Signed it but the number didnt go up ....


----------



## BigRoj (Oct 26, 2010)

quadrapop said:


> Signed it but the number didnt go up ....


 
Have you had the email to confirm yet ? You need to click the link on that for it to count.

regards

Roj


----------



## CollaredLizardGal (May 17, 2010)

signed :2thumb:


----------



## joeyboy (Jul 19, 2008)

not sure 100k signatures would make it be discussed. Three petitions got 100k (death penalty among them), but no MPs turned up to back discussion on them, so....nothings happening now. Democracy when they feel like it.: victory:


----------



## BadaBing (Mar 23, 2011)

Signed and confirmed : victory:


----------



## fardilis (Mar 22, 2011)

hiya
i'll put this in my sig:2thumb:

hope others wil follow


----------



## David24 (Sep 11, 2011)

signed and confirmed:2thumb:


----------



## kay-leighann (Oct 12, 2009)

Signed  

Am posting it on Facebook too 

xxxxx


----------



## Southerncopperhead (Oct 5, 2011)

i have signed and plastered this all over facebook
and been confirmed: victory:
come on people for :censor: sake
this could potentially be our hobby
this might not make a difference but if there any chance it can
we should all sign it :bash:


----------



## zekee (Sep 14, 2011)

Signed


----------



## fardilis (Mar 22, 2011)

what are the odds of that many ppl signing it?

and if they did what are the odds of it making any differance


----------



## LuiBlu (Aug 27, 2010)

fardilis said:


> what are the odds of that many ppl signing it?
> 
> and if they did what are the odds of it making any differance


probably not much, of either. BUT, it'll stand well in the reptile community that there are people out there who are willing to stand up for a cause. takes two mins to do, and what would be the harm done by doing it?

that's my opinion anyway.


----------



## Diamondback (Aug 29, 2009)

Signed


----------



## MetalCageGecko (Oct 24, 2011)

I've signed it, and also put it up on facebook asking all my friends to sign it.....
Even though the goverment may ban exotic pets, do they really think it will stop the trade of em???
I know for a fact I won't give up without a fight to keep mouth... but hopefully we can stop it from happening.


----------



## LuiBlu (Aug 27, 2010)

So... everyone that decided not to sign this as they thought it was a silly idea...
It didn't take much for them to start throwing laws about in America.

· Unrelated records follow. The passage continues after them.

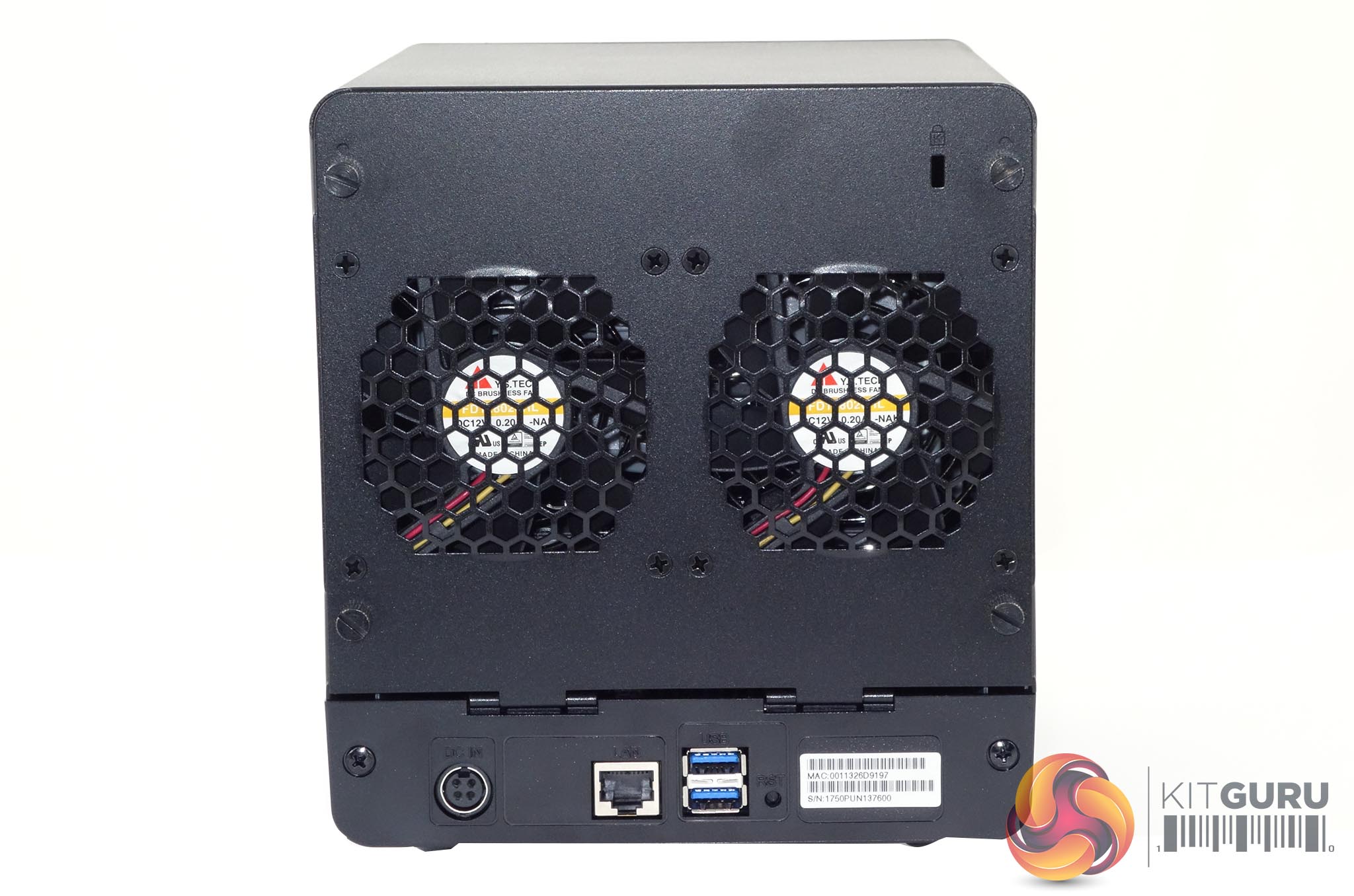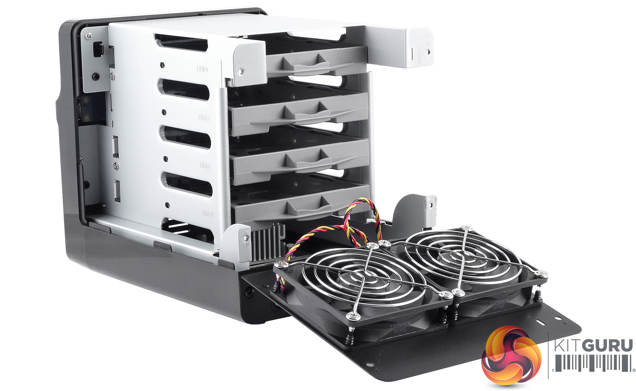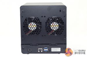 If you need more space to get at the drive trays then the whole top cover lifts off. The bottom part of the rear panel is home to the power port, two USB 3.0 ports and the single Gigabit Ethernet port.
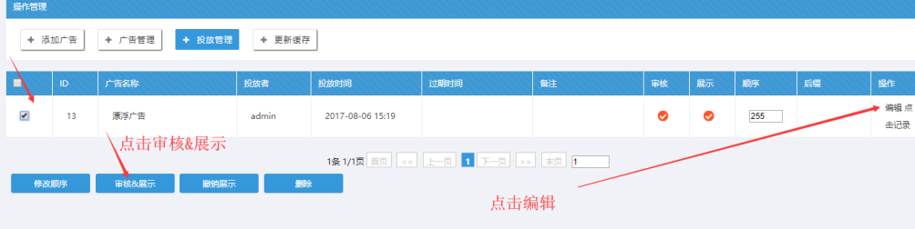 B:勾選漂浮廣告----點(diǎn)擊下面的審核&展示,先確保廣告是被審核過(guò)的------------然后點(diǎn)擊“編輯”
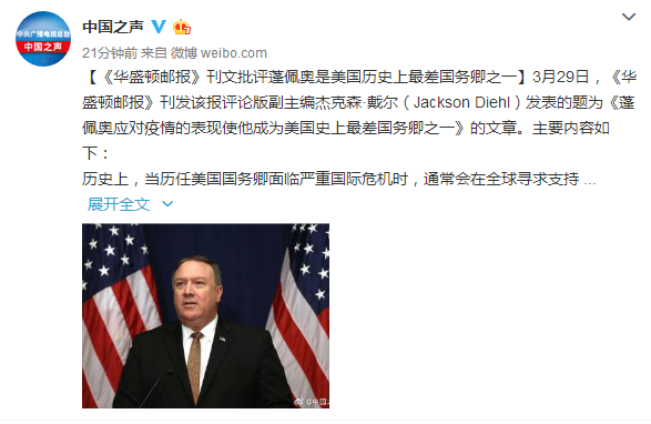 3月29日,《华盛顿邮报》刊发该报评论版副主编杰克森·戴尔(Jackson Diehl)发表的题为《蓬佩奥应对疫情的表现使他成为美国史上最差国务卿之一》的文章。主要内容如下:

What's you're views on it now?


----------



## Purple_D (Jan 18, 2009)

LuiBlu said:


> So... everyone that decided not to sign this as they thought it was a silly idea...
> It didn't take much for them to start throwing laws about in America.
> 
> What's you're views on it now?


Different circumstances and laws/government in the USA.


----------



## LuiBlu (Aug 27, 2010)

Purple_D said:


> Different circumstances and laws/government in the USA.

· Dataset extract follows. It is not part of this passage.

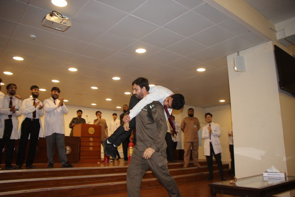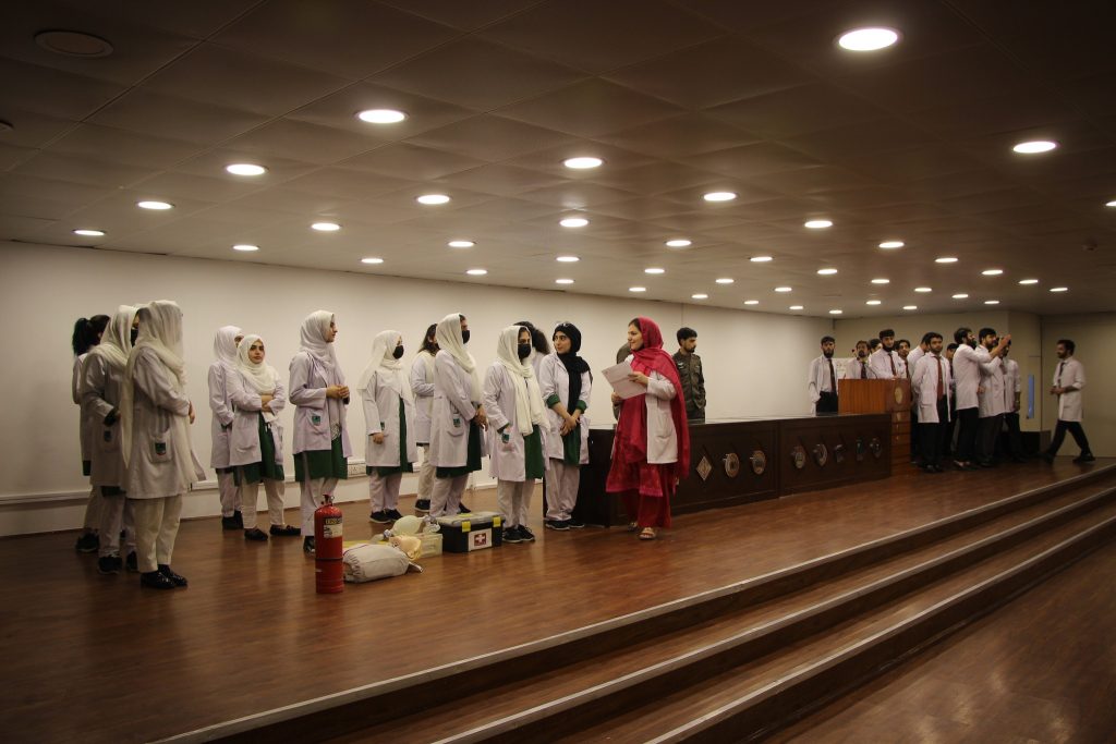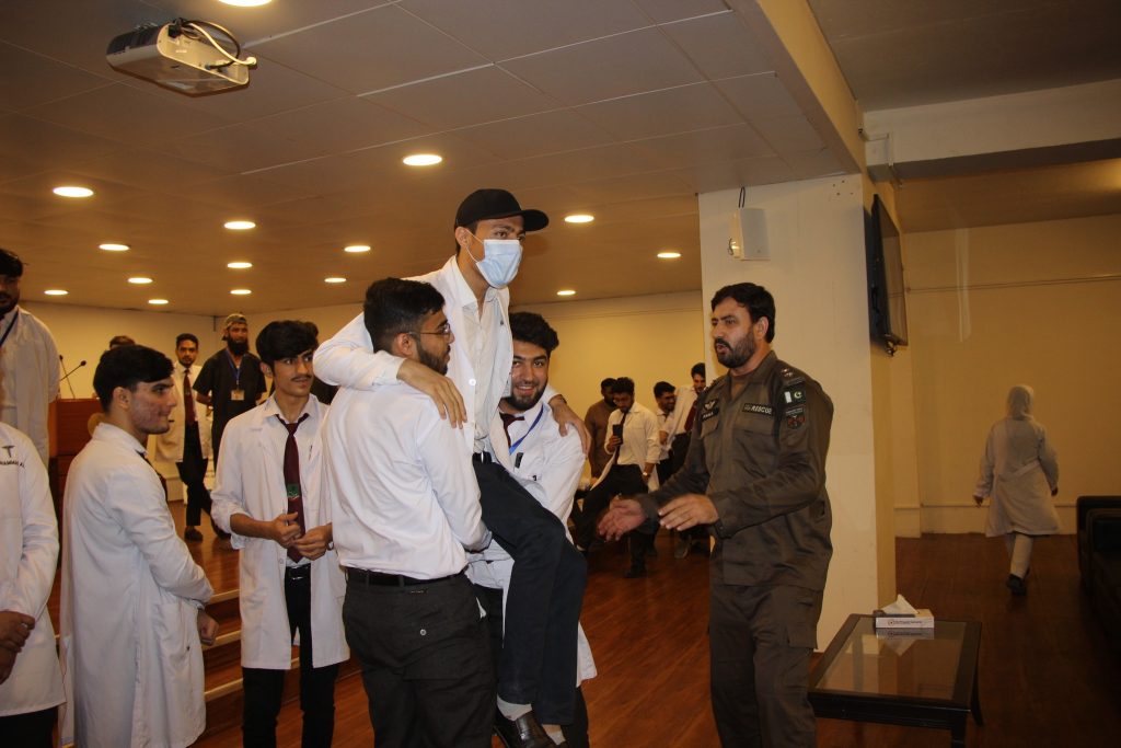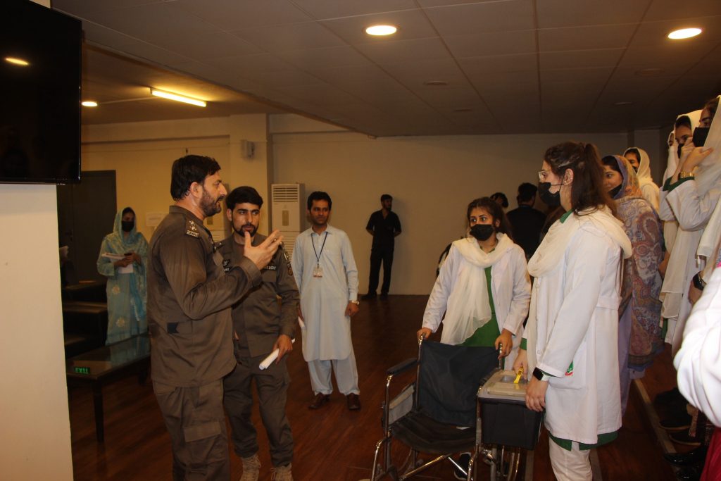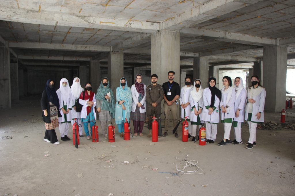 A mock major disaster drill was arranged by the Department of Occupational Health, Safety and Environment (OHS&E) in collaboration with Rescue 1122 at the Northwest School of Medicine (NWSM) on 21 June 2023. A Large number of Students, Faculty and Non-Faculty staff, and Demonstrators participated in the session. Lab The Rescue 1122 representatives Mr. Inayat Ur Rehman, medical safety instructor and Mr. Khalil Ur Rehman, fire and safety instructor, trained the participants on first aid provision, emergency evacuation and fire safety. The mock drill also helped identify the limitations of the current emergency preparedness plan. Realistic emergency preparedness drills and exercises can help ensure a more effective response when disaster strikes. Studying lessons learned from other emergencies and practicing simulations is the best alternative to real-world experience because the ability to equivocally learn in a replicated environment strengthens readiness to respond during a disaster.

Doesn't take much for Big Brother to talk their way into the UK. Politics doesn't just exist in the US.


----------



## olivine (Feb 5, 2009)

My opinion of the petition is exactly the same as when it was first posted: that it was a well-intentioned, but naive attempt to extract a guarantee of protection that no government would ever give due to the ambiguous nature of the the petition. It's stated aim:

_The Complete Protection of, and Prevention of the Abolishment (sic) of, the Herpitological (sic) Pet Trade in the UK; highlighting the reassurance that we will not face illegalities (sic) in owning Herpitological (sic) Animals in the future, near or distant._

... are _*far*_ too wide ranging to _*ever*_ achieve a realistic chance of success. Sorry if this sounds harsh: it's not meant to. I'm just trying to be realistic.


----------